Your reply must contain the lines from the one with "A pogrányi Esterházy-emléktáblánál" through the last line of the material, exact and complete, with no pictures and no other text.

Data below:
***
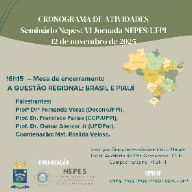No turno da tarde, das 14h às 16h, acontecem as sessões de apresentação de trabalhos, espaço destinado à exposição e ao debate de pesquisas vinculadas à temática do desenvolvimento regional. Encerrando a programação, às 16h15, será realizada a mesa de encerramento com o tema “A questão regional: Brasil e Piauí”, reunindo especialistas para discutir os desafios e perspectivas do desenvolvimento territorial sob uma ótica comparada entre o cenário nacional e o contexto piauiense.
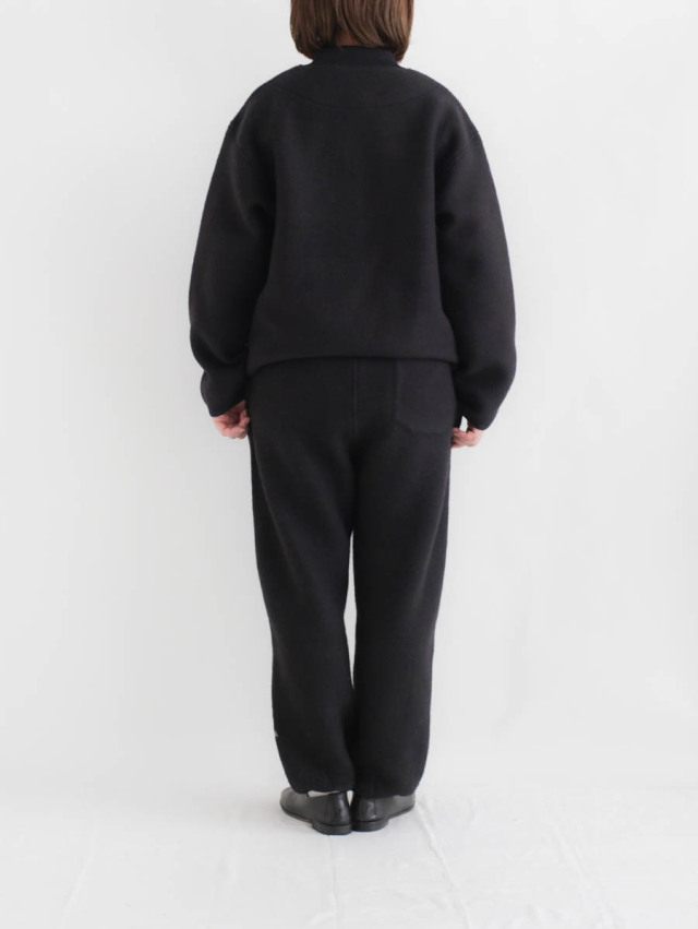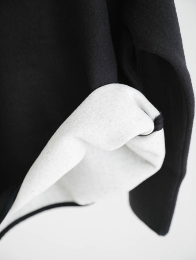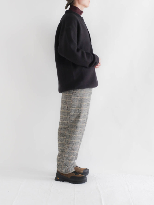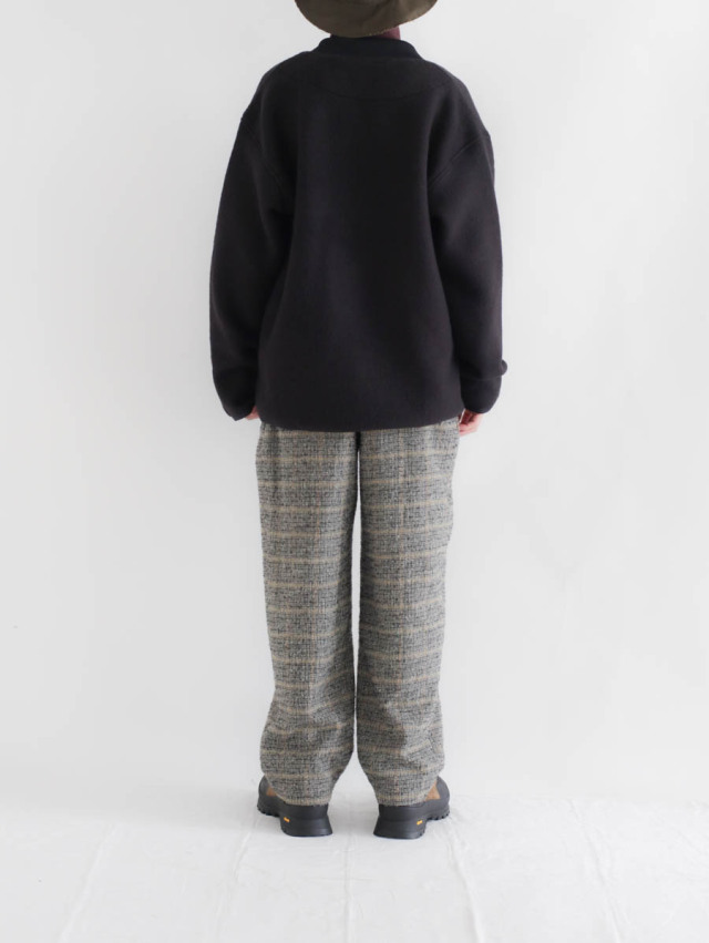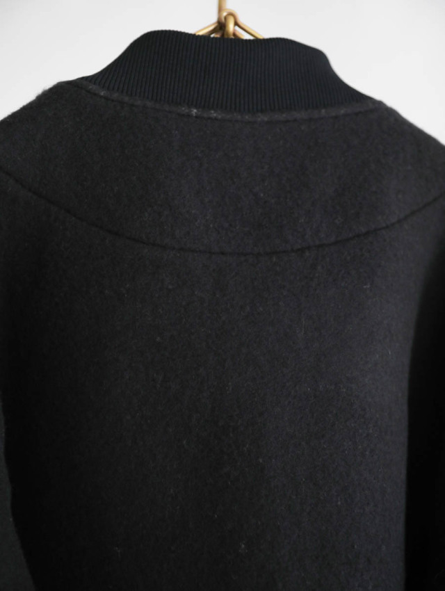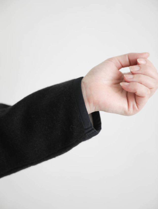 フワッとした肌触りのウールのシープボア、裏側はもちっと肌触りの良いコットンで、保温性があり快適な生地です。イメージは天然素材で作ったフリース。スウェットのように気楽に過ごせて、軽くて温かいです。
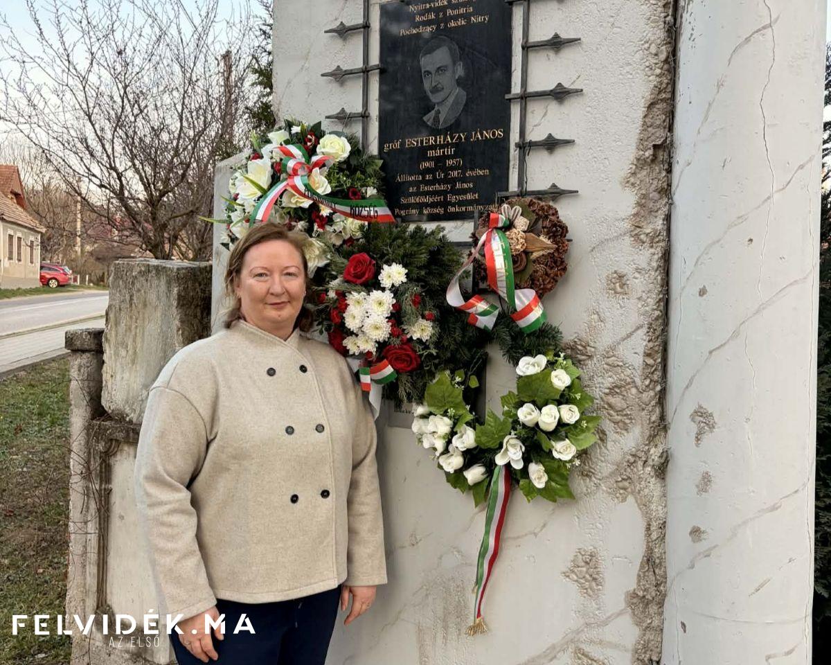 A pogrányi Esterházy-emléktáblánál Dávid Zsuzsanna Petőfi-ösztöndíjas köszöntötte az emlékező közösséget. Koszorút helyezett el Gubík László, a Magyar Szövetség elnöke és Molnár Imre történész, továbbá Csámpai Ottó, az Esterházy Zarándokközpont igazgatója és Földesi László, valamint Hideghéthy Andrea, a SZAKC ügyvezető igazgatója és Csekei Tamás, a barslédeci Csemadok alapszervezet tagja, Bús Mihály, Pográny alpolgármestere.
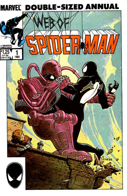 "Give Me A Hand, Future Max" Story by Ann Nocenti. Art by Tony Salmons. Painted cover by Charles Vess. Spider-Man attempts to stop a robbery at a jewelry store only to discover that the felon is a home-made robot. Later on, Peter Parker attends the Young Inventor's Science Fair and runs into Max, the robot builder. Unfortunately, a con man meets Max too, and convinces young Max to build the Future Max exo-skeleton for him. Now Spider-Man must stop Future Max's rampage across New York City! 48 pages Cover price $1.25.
***
Result below:
 A pogrányi Esterházy-emléktáblánál Dávid Zsuzsanna Petőfi-ösztöndíjas köszöntötte az emlékező közösséget. Koszorút helyezett el Gubík László, a Magyar Szövetség elnöke és Molnár Imre történész, továbbá Csámpai Ottó, az Esterházy Zarándokközpont igazgatója és Földesi László, valamint Hideghéthy Andrea, a SZAKC ügyvezető igazgatója és Csekei Tamás, a barslédeci Csemadok alapszervezet tagja, Bús Mihály, Pográny alpolgármestere.
 "Give Me A Hand, Future Max" Story by Ann Nocenti. Art by Tony Salmons. Painted cover by Charles Vess. Spider-Man attempts to stop a robbery at a jewelry store only to discover that the felon is a home-made robot. Later on, Peter Parker attends the Young Inventor's Science Fair and runs into Max, the robot builder. Unfortunately, a con man meets Max too, and convinces young Max to build the Future Max exo-skeleton for him. Now Spider-Man must stop Future Max's rampage across New York City! 48 pages Cover price $1.25.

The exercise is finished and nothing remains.